Kaplowitz et al. assessed the skeletal age devoplement using 16 hand–wrist radiographs by 5 pediatric endocrinologists and 7 pediatric radiology specialist. They compared Gilsanz and Ratib’s atlas and Greulich–Pyle atlas on HWRs. The study suggested that the use of the digital format of Gilsanz and Ratib atlas should be preferred over the the Greulich–Pyle atlas [38].
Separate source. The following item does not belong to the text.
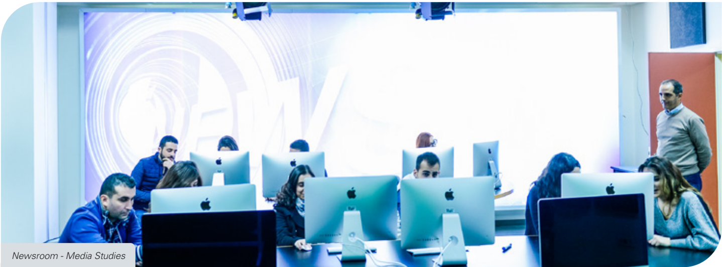
Newsroom - Media Studies

Lin et al. evaluated the hand–wrist radiographs with the Greulich– Pyle atlas and the Gilsanz and Ratib atlas in a total of 648 patients by two radiology experts. Intra-observer adaptation for the Gilsanz and Ratib method was evaluated separately for boys and girls and it was found to be 0.899 and 0.957 for the first researcher and 0.943 and 0.967 for the second researcher, respectively [39]. In this study for all individuals, intra-observer adaptation was 0.912.
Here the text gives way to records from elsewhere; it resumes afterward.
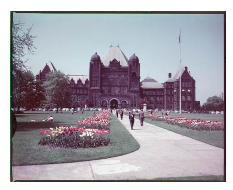
Garden in front of Queen's Park, 1952 RG 65-35-3, 11764-X2401-1 Tourism promotion photographs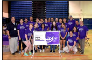
Figure 1. Special Olympics Special Smiles dental screening event with dental resident and student volunteers.

The Special Smiles discipline of Healthy Athletes provides attainable information, resources, and comprehensive oral health care to participating Special Olympics athletes.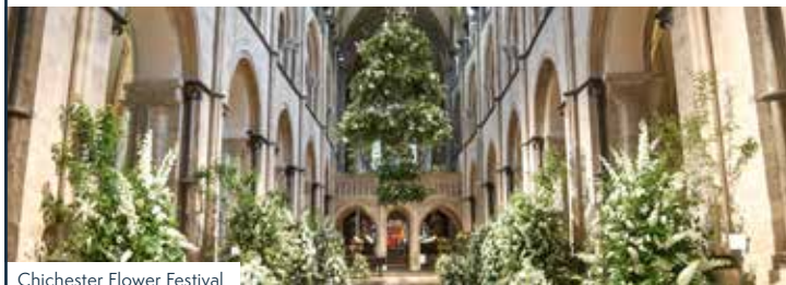
Chichester Flower Festival

Correlation coefficient of females was higher than that of males in several studies [36, 40]. As a result of this study, the correlation coefficient of females was lower than that of males and it was found to be 0.706 and 0.857, respectively (p < 0.05).

Joshi et al. compared 3 methods (HWR, CR and CBCT) in 2012. The study group consisted of 100 patients (51 females and 49 males), age range of 3 to 35. The HWRs were evaluated using Fishman’s method and the CRs and the CBCTs were evaluated using Hassel and Farman’s method. The correlation coefficient between hand–wrist radiographs by Fishman’s method and the cephalometric radiographs by Hassel and Farman’s method was found to be 0.961. Spearman correlation coefficient value among the CRs and the CBCT by Hassel and Farman’s method was found to be 0.975 [25]. It was also concluded that three methods have a statistically positive good relationship for both genders. Spearman’s correlation coefficient values between hand–wrist radiography by the Gilsanz and Ratib atlas and CBCT CVMI; cephalometric radiography CVMI and CBCT CVMI; hand–wrist radiography by Gilsanz and Ratib atlas and cephalometric radiography CVMI were found to be 0.785, 0.875, and 0.791, respectively.

In this study, the distribution of CVMI classifications in the CR and the CBCT was evaluated for all individuals. Determined compliances for CVMI 1, CVMI 2, CVMI 3, CVMI 4, CVMI 5 and CVMI 6 were 100%, 61.1%, 31.3%, 40%, 50% and 61.5%, respectively. There are no studies demonstrating these parameters in the literature.

Although the results of the skeletal development and the chronological age relationship were statistically significant, the numbers of samples were not equal and so further studies are needed with larger sample size.